>>>>
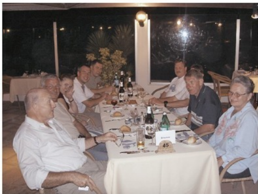
Первый раз в полном составе
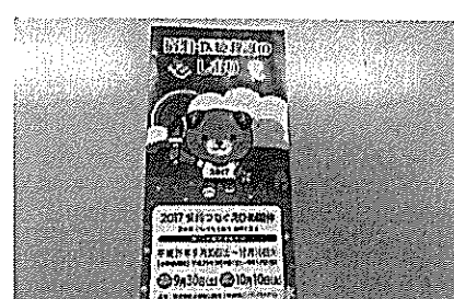
〈宿泊・医療救護のしおり〉
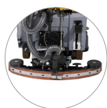
Регулируемая всасывающая балка и компактная
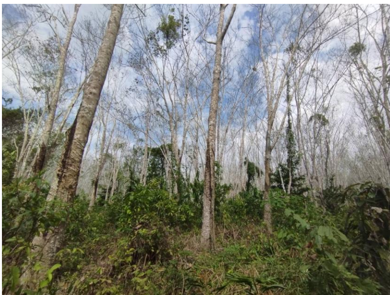
ภาพที่ 1 : ลักษณะสวนยางพารา SFC 0837 จังหวัดสงขลา

ผลการสำรวจความหลากหลายทางชีวภาพพรรณพืช บริเวณพื้นที่สวนยางพารา SFC 0837 จังหวัดสงขลา พบว่าเป็นสวนยางพารา(Genus) : Hevea สปีชีส์ (Species): brasiliensis ชื่อสามัญ (Common name) : para rubber ชื่อวิทยาศาสตร์ (Scientific name) : Hevea brasiliensis Mull-Arg. กระจายอยู่ทั่วไป (ภาพที่ 1)
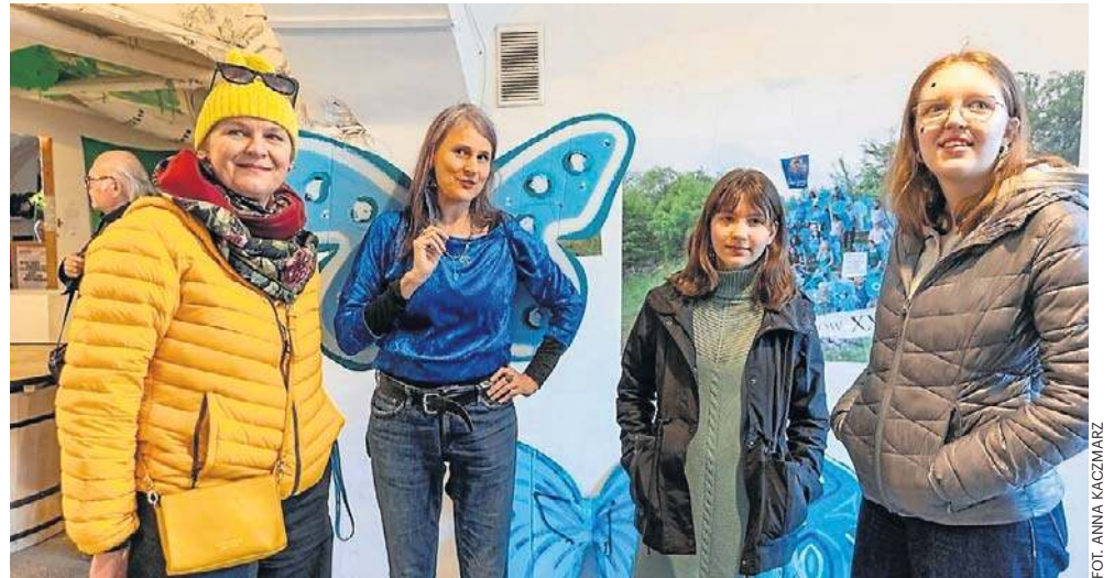
FOT. ANNA KACZMARZ

Kto pamięta, jak na sesję Rady Miasta przyleciał rój motyli? Tak Modraszek Kolektyw w 2011 roku bronił unikatowych owadów z Zakrzówka. W Centrum Sztuki Współczesnej Wiewiórka w Składzie Solnym otwarta została wystawa „Zakrzówek bez cegłówek”. Złożyły się na nią fotografie i filmy dokumentujące happeningi oraz protesty w obronie Zakrzówka. AP
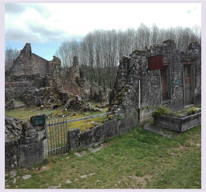
Oradour-sur-Glane. Francia. Restos de la localidad aniquilada.
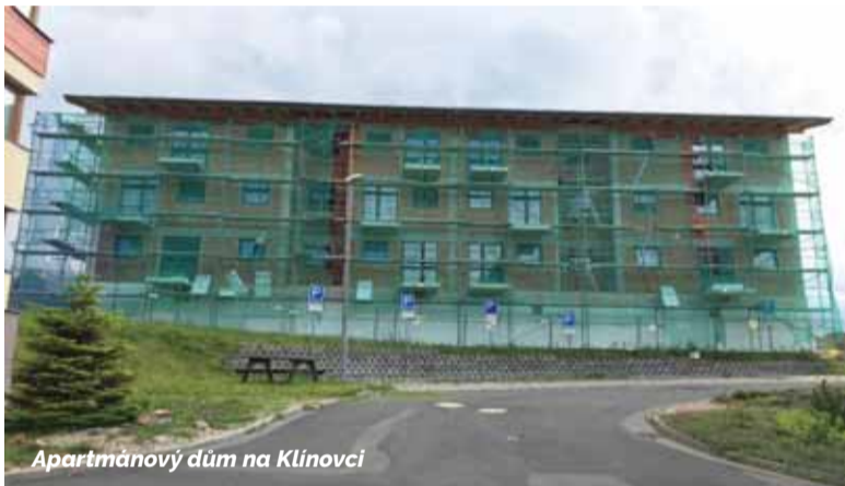
Apartmánový dům na Klínovci

V portfoliu jich máme přes tři desítky. Až na jednu realizujeme všechny pouze v Ústeckém kraji. Z řady staveb stojí určitě za zmínku rekonstrukce náměstí v Bilině nebo apartmánový dům na Klínovci.
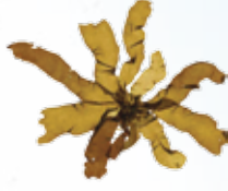
មាស់និងជួយធ្វើឲ្យស្បែកធូរ (Soothing Effect)
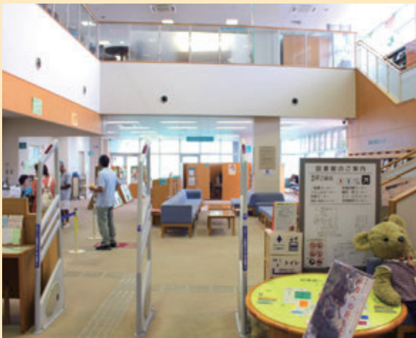
図書や資料などが充実した図書館

福祉事業における各種計画の策定及び改訂 …1,167万円 妊婦健康診査補助の拡充……………773万円 図書館運営・資料整備事業……………4,086万円 子育て支援の促進(一時預り事業の拡大など) …907万円
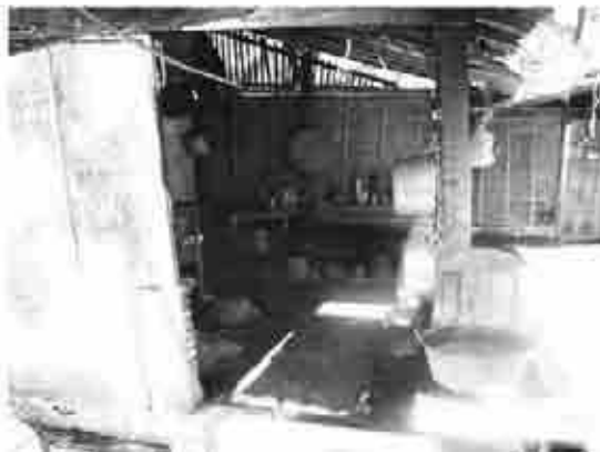
家の中は、リビングと台所に注目できるよう、提示した。その他2枚ずつ
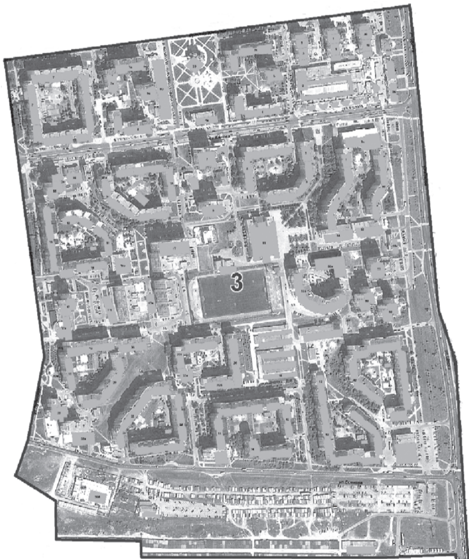
Бульвар Юности - от начала до улицы Буденного - нечетная сторона. Улицы: Буденного - от бульвара Юности до конца - нечетная сторона; Есенина - от улицы Щорса до улицы Буденного - четная сторона; Конева - от начала до улицы Буденного - нечетная и четная стороны; Щорса - от бульвара Юности до конца - четная сторона.

Л.Н. КАЛАБИНА председатель Избирательной комиссии города Белгорода
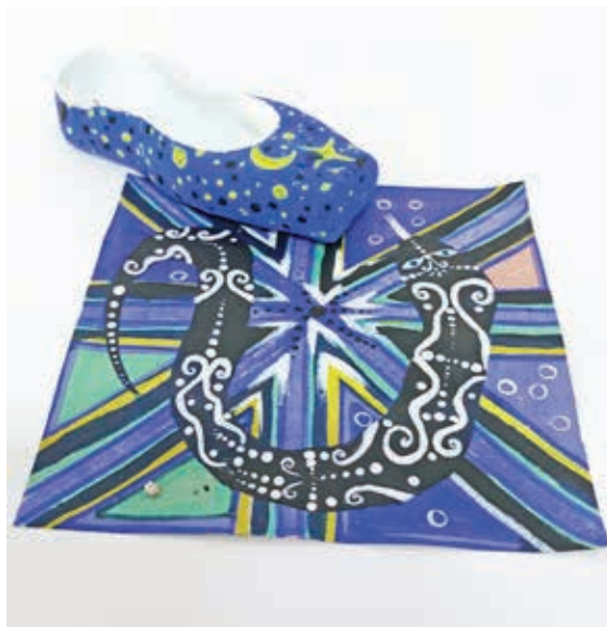
Εύα Ζαχάροβα Β4
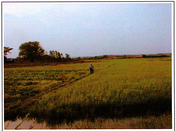
写真 2 : 取付道路予定位置
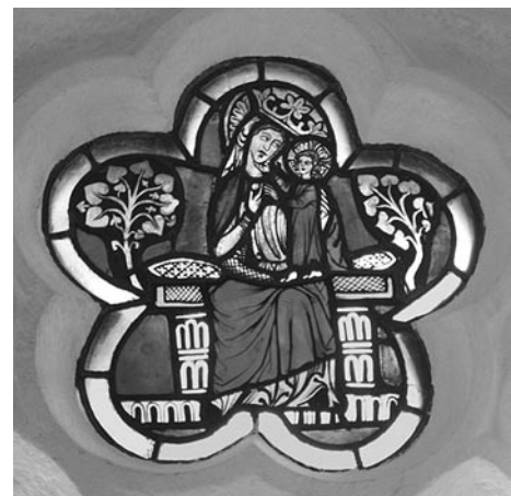
oben: Thronende Madonna mit Kind. Glasgemälde im Kreuzgang des Zisterzienserklosters Wettingen (um 1280/90).
<<<<
WORK TO BE COMPLETED – Starting with the first line of the material above and ending with the line that holds "ภาพที่ 1 : ลักษณะสวนยางพารา", write out those lines exactly, without pictures.

ANSWER TO THE EXERCISE –
Первый раз в полном составе
〈宿泊・医療救護のしおり〉
Регулируемая всасывающая балка и компактная
ภาพที่ 1 : ลักษณะสวนยางพารา SFC 0837 จังหวัดสงขลา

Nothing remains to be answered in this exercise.